The tKeima chromophore and its environment. (a) Electron density maps of 2mFo-DFc (blue, 1.0 σ) and mFo-DFc (green, 3.0 σ and red, −3.0 σ) of the tKeima chromophore. The trans-conformation of the chromophore is indicated by the red arrow. (b) Analysis of the tKeima chromophore. (c) Stereo view of the tKeima chromophore and its interacting residues.

Figure 4

Structural analysis of tetrameric tKeima. (a) Tetrameric arrangement of tKeima with 222 symmetry. (b) B-factor putty representation of tKeima. (c) Close-up and (d) open-book view of the interaction residues of interface A–B of tKeima.

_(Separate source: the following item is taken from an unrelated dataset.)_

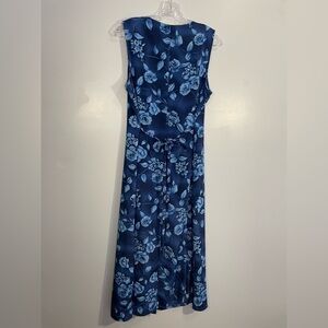 Beautiful vintage floral dress in shades of blue. Made by Expressions. Unlined. Maxi length Sleeveless. Tie back at waist. Full button down front. Made of 100% polyester. Size 16W. Machine washable. Just perfection!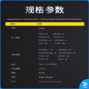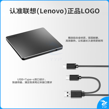 联想(Lenovo)8倍速 铝合金材质 Type-C/USB外置光驱 DVD外置刻录机 移动光驱 笔记本电脑光驱外置读刻一体 DB85

Hydrogen bonds and salt bridges are indicated by the dotted line. (e) Close-up and (f) open-book view of the interaction residues of interfaces A–B* of tKeima. (g) Structural comparison of the tetrameric assembly of tKeima, DsRed (PDB code: 1GGX), AdRed (6AA7), ZsYellow (6LOF), and DendFP (7DIG).

Figure 5

A comparison of the amino acids and structures of the Keima family. (a) Structure-based sequence alignment of tKeima (UniProt: Q1JV72), dKeima (Q1JV71), and mKeima (Q1JV70). The residues involved in the oligomer states of tKeima are indicated using yellow (A–B interface) and blue (A–B* interface) triangles. The mutation sites located on the surface of dKeima and mKeima are indicated by green and red triangles, respectively. (b) Surface structure of key residue involved in the tetrameric interface of tKeima and mutation sites located on the surface of dKeima and mKeima.